### Material supplied
○ ○ ○ ○
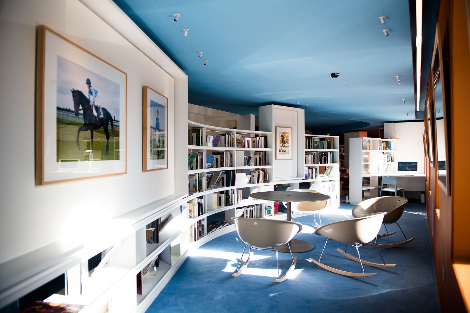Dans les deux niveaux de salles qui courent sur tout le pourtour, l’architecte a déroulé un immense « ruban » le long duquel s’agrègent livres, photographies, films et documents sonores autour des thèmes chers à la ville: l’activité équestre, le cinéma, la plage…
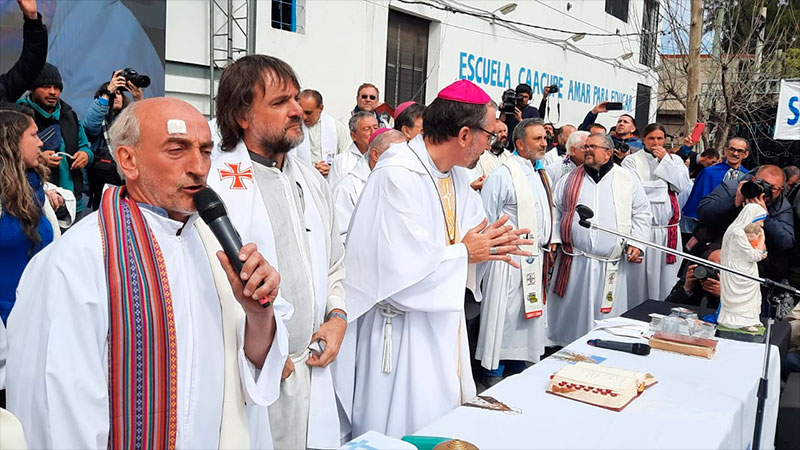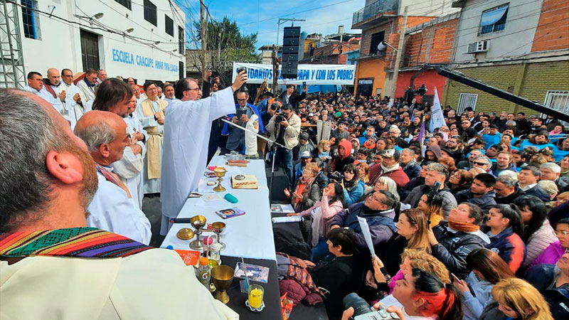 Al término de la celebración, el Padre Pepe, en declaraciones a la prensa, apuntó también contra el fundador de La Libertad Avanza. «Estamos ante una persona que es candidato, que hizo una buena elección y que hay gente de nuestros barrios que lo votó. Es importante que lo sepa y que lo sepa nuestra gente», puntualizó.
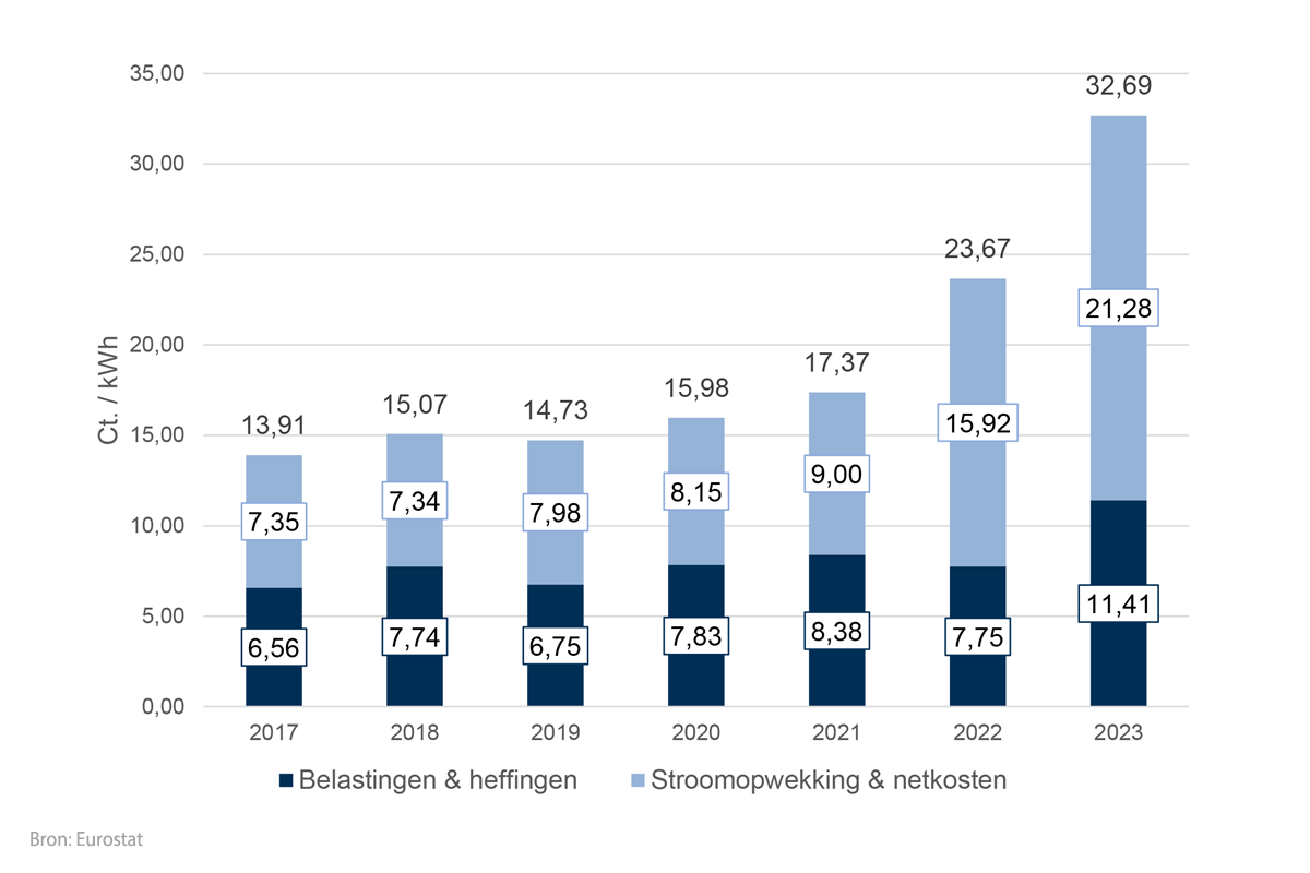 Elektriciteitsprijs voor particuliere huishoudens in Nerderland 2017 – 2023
○ ○ ○ ○
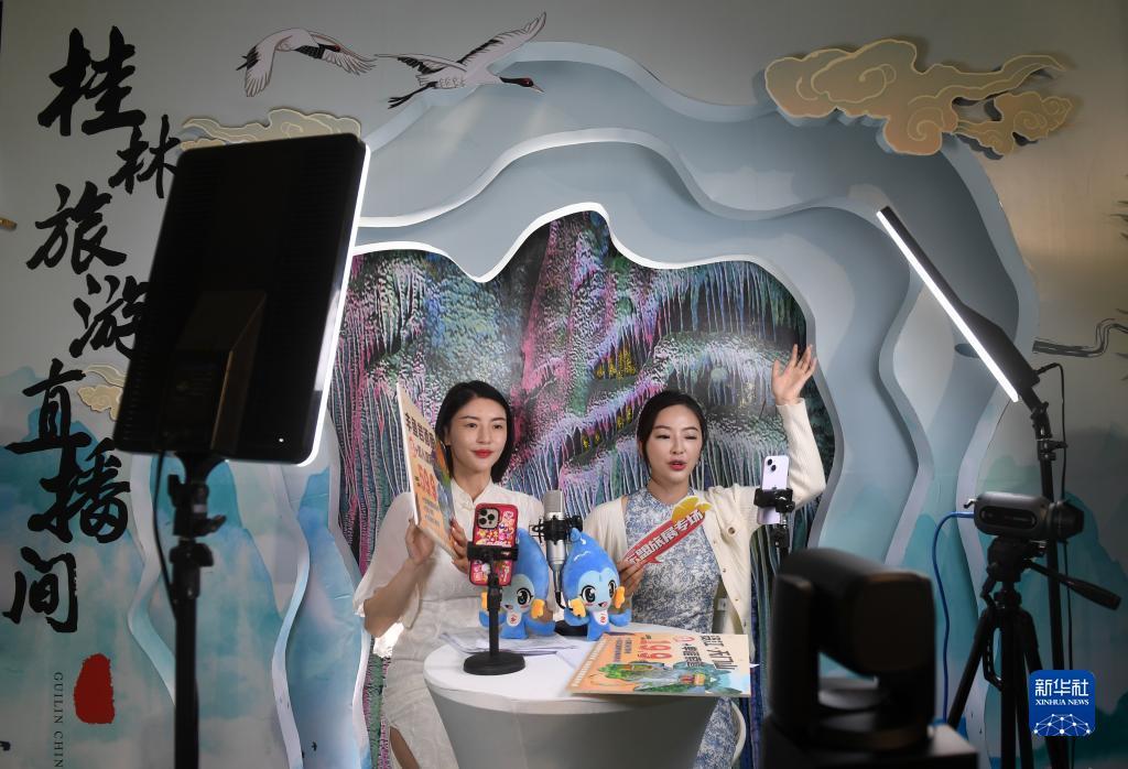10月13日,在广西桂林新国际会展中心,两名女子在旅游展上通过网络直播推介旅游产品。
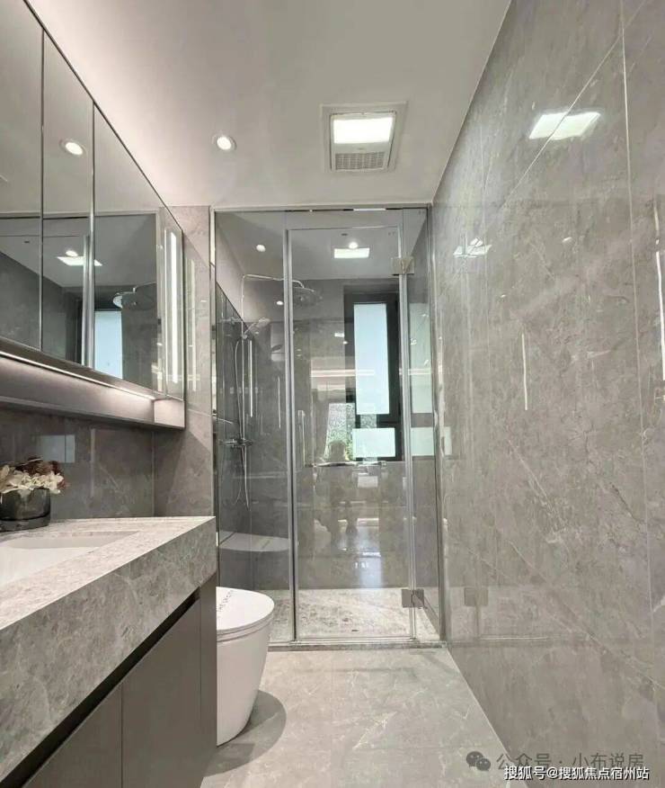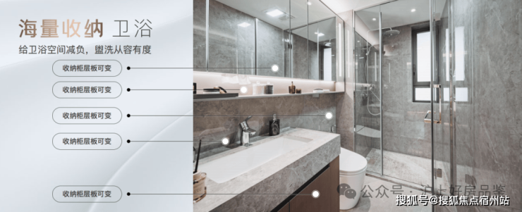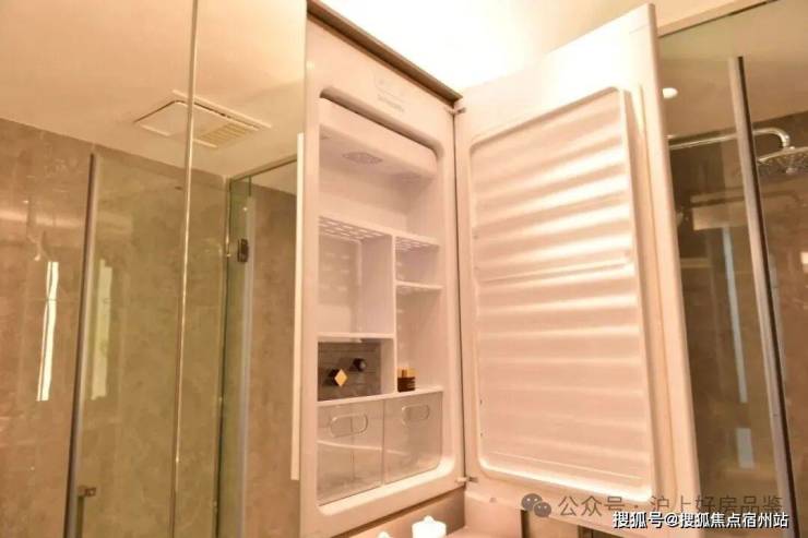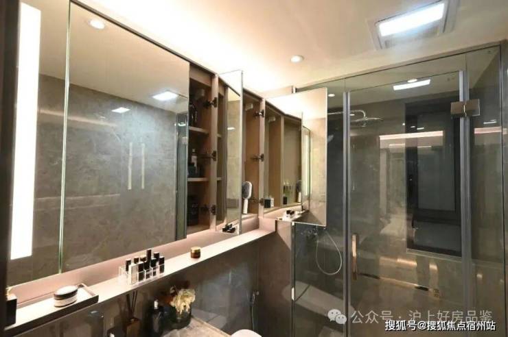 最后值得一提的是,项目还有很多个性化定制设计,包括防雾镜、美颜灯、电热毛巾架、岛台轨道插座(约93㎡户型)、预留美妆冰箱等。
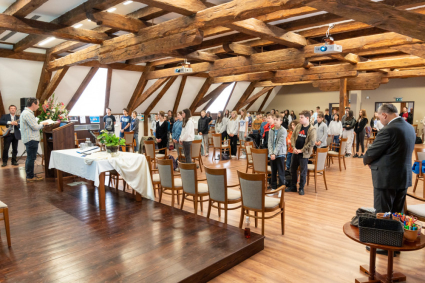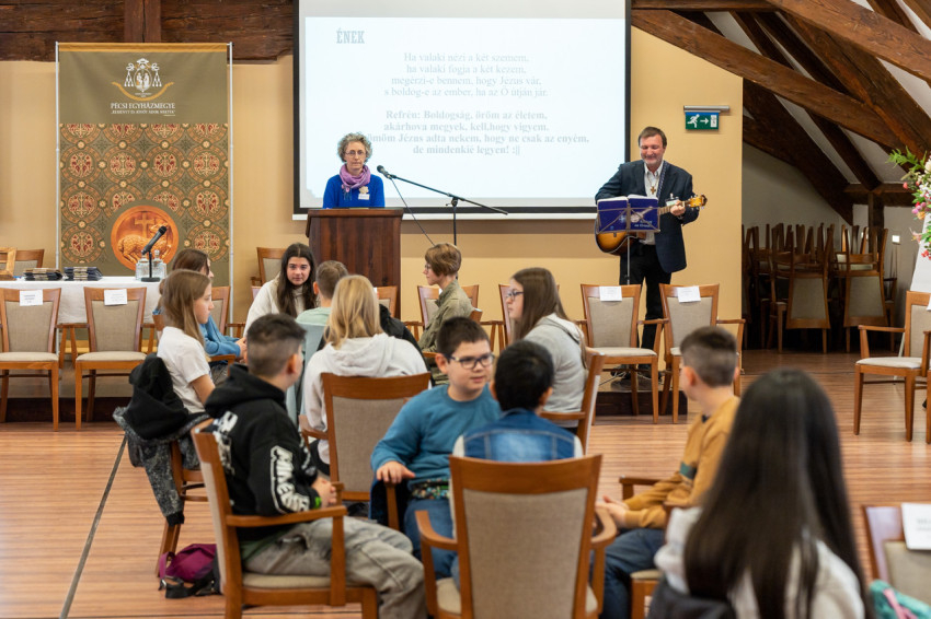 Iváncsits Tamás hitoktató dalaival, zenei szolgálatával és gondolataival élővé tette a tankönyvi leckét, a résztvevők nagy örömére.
○ ○ ○ ○
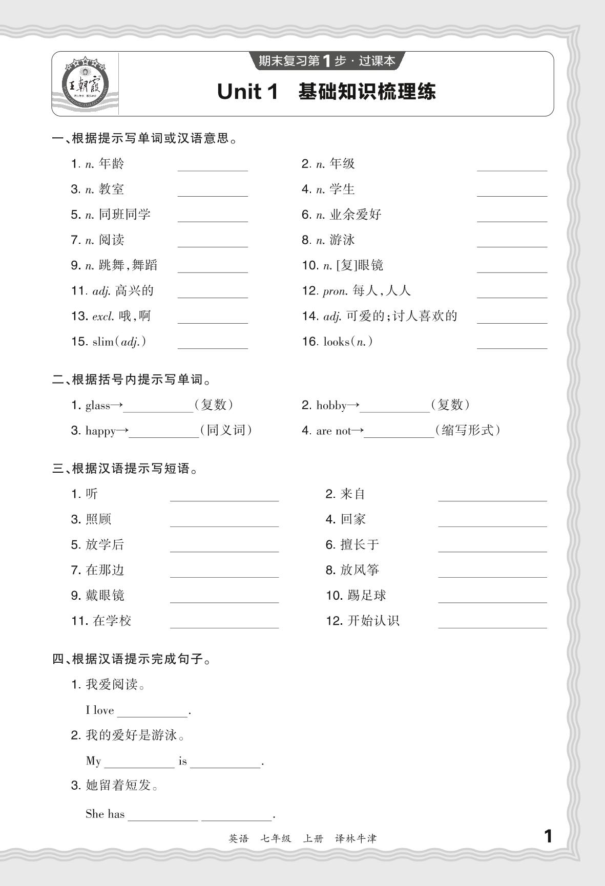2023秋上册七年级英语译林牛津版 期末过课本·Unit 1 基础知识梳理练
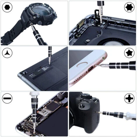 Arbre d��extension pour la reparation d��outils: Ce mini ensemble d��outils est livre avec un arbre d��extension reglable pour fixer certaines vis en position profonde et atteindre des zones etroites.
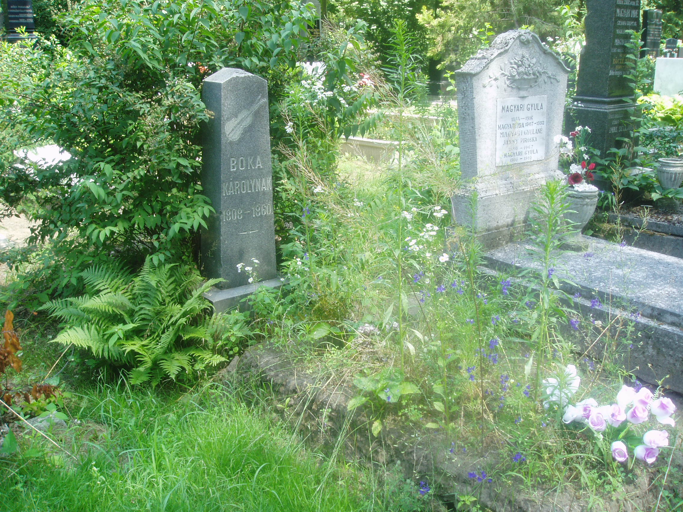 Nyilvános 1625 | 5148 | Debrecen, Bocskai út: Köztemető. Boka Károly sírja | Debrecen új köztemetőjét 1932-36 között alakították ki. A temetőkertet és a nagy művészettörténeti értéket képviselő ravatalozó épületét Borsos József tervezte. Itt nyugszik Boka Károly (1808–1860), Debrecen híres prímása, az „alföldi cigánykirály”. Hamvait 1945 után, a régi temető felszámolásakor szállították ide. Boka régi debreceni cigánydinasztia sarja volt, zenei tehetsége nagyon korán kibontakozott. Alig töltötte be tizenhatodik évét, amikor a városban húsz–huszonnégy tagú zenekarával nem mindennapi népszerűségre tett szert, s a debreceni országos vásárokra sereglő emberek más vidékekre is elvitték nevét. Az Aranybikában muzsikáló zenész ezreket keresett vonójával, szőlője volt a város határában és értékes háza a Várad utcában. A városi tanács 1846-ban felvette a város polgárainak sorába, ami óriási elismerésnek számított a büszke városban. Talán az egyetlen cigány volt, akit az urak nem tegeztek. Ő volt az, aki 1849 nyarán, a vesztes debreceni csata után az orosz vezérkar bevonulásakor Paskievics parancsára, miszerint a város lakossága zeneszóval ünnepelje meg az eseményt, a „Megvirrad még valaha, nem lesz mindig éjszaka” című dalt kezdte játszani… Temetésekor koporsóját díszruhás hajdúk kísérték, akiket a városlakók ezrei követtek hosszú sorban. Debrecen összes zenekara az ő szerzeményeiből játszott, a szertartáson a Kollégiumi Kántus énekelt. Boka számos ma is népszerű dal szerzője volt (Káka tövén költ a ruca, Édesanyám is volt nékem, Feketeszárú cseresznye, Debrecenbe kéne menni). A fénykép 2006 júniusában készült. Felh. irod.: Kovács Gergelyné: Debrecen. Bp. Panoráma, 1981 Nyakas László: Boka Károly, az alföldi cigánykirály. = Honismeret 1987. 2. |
○ ○ ○ ○
### What you will do
When copying from the data above, print only the lines from the line containing "最后值得一提的是,项目还有很" to the line containing "Iváncsits Tamás hitoktató", exactly, and leave the pictures out.

### Reply to the task
 最后值得一提的是,项目还有很多个性化定制设计,包括防雾镜、美颜灯、电热毛巾架、岛台轨道插座(约93㎡户型)、预留美妆冰箱等。
 Iváncsits Tamás hitoktató dalaival, zenei szolgálatával és gondolataival élővé tette a tankönyvi leckét, a résztvevők nagy örömére.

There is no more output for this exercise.